While Brooklyn’s status as a cheaper alternative to Manhattan may appeal to some domestic visitors, it probably isn’t enough to attract most corporate travelers or tourists from overseas drawn by the lure of Manhattan, said Ford.
“It’s a different kind of guest that comes to Brooklyn, it’s a different kind of product with a more local feel,” Ford said. “A visitor from Hong Kong or Rome will probably not come to stay at a hotel in Brooklyn unless they have relatives that live there.”
Brooklyn has drawn investors including Barry Sternlicht, who is building 1 Hotel Brooklyn Bridge, a combined luxury-hotel and condominium project on the waterfront. Barone Management LLC is developing the EVEN hotel, a brand owned by InterContinental Hotels Group Plc, near the 3-year-old Barclays Center arena.

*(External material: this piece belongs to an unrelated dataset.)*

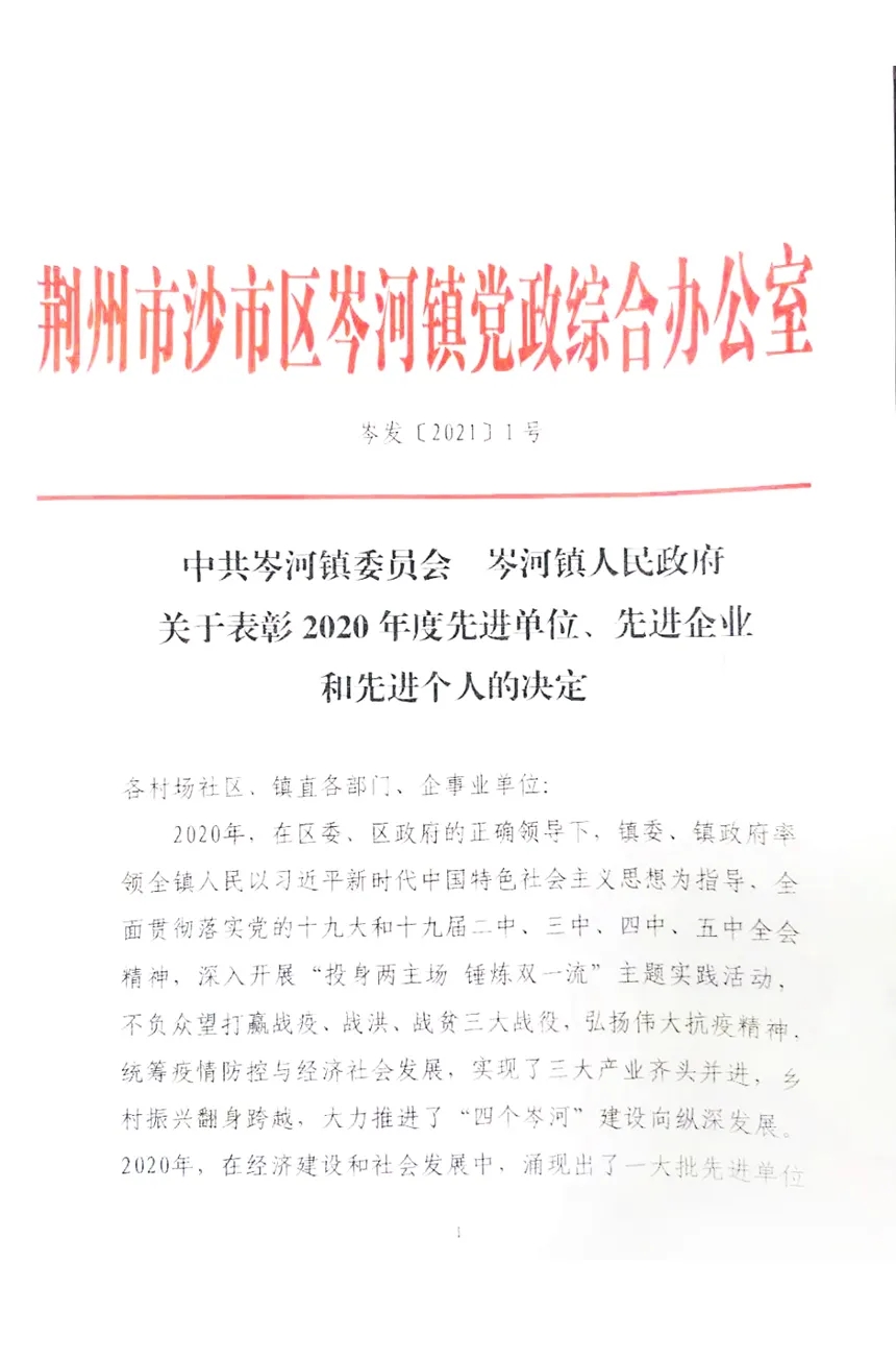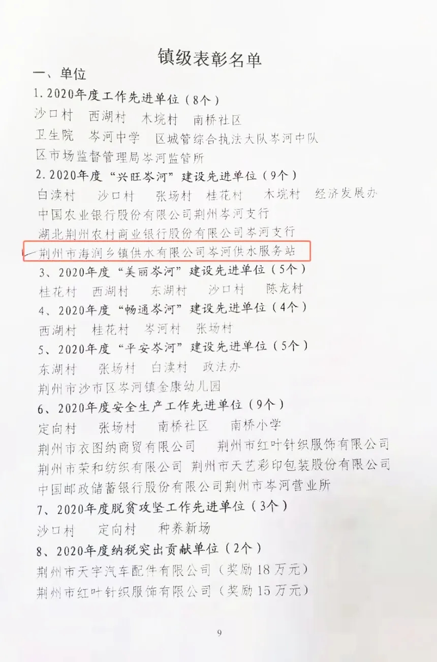 近日,岑河镇人民政府表彰了2020年度大力推进“四个岑河”建设的先进单位、企业及个人。荆州市海润乡镇供水公司岑河供水服务站荣获2020年度“兴旺岑河”建设先进单位。

Second Development Services Inc. is constructing the high-end hotel nearby for Marriott’s Autograph Collection, a group of independently run boutique properties.
Williamsburg, Bushwick
The borough’s new hotels stretch from the Williamsburg waterfront to the BKLYN House Hotel at the northwestern edge of Bushwick, a rapidly gentrifying area about a 40-minute subway ride from lower Manhattan.
Richard Born and Ira Drukier, the Queens-raised billionaire partners that own Manhattan boutique hotels including the Bowery and the Ludlow, are planning a 250-room Pod hotel in Williamsburg. Rooms will cost about $150 a night.
Born said the sudden crush of hotels in Brooklyn is “crazy” and “a bit scary.”
“So why am I doing it? Because we offer the equivalent of a midscale brand and are a good alternative for somebody who wants to stay in Brooklyn and save money but doesn’t want to be staying in a Hilton Garden Inn,” he said.
Broader Growth
IHG, which also owns the Holiday Inn brand, is counting on Brooklyn’s broader growth and easy access to Manhattan for the success of the company’s two hotels in the borough, Joel Eisemann, chief development officer for the Americas, said in an e-mailed statement. Gregory Atkins, director of project management at Second Development, said the Autograph Collection tower is unique because it’s the only full-service luxury project he knew of in the downtown Brooklyn area.
For now, a lack of offices relative to Manhattan may undercut Brooklyn’s ability to come into its own as a hotel market, said Baird’s Loeb. Business travel helps room bookings on weekdays, when leisure visits tend to decline.
“Brooklyn has a lot going on, but if it wants to be more than a market where people stay when they can’t stay in Manhattan, it needs things that bring people to Brooklyn five, or better still, seven nights a week, and businesses, typically in office buildings, do that,” he said.
Not Buying
Hersha Hospitality Trust, which owns 17 properties in New York, including the NU Hotel near downtown Brooklyn, isn’t looking for more new properties in the borough because of the slew of construction and the lack of diversified demand, according to Neil Shah, president of the Harrisburg, Pennsylvania-based real estate investment trust.
“It’s a very compelling place, but it’s concerning how much new supply is talked about,” said Shah, who expressed skepticism that some of the projects will even be built.
Airbnb Inc., the San Francisco-based site for people to list accommodations, can also cut into hotel demand for Brooklyn, where a large number of visitors are looking for a local experience at a bargain, Shah said.
A project’s success will depend on its location in the borough, said Justin Palmer, chief executive officer at New York-based Synapse Development Group. The company is planning a project in Williamsburg that will include condos, food-and-drink venues and a 112-room Yotel hotel.
“The Williamsburg market has become a neighborhood in its own right,” Palmer said. “If we were talking about a Yotel in Bushwick right now, I think the story would be much different. Location matters, in Brooklyn maybe even more so.”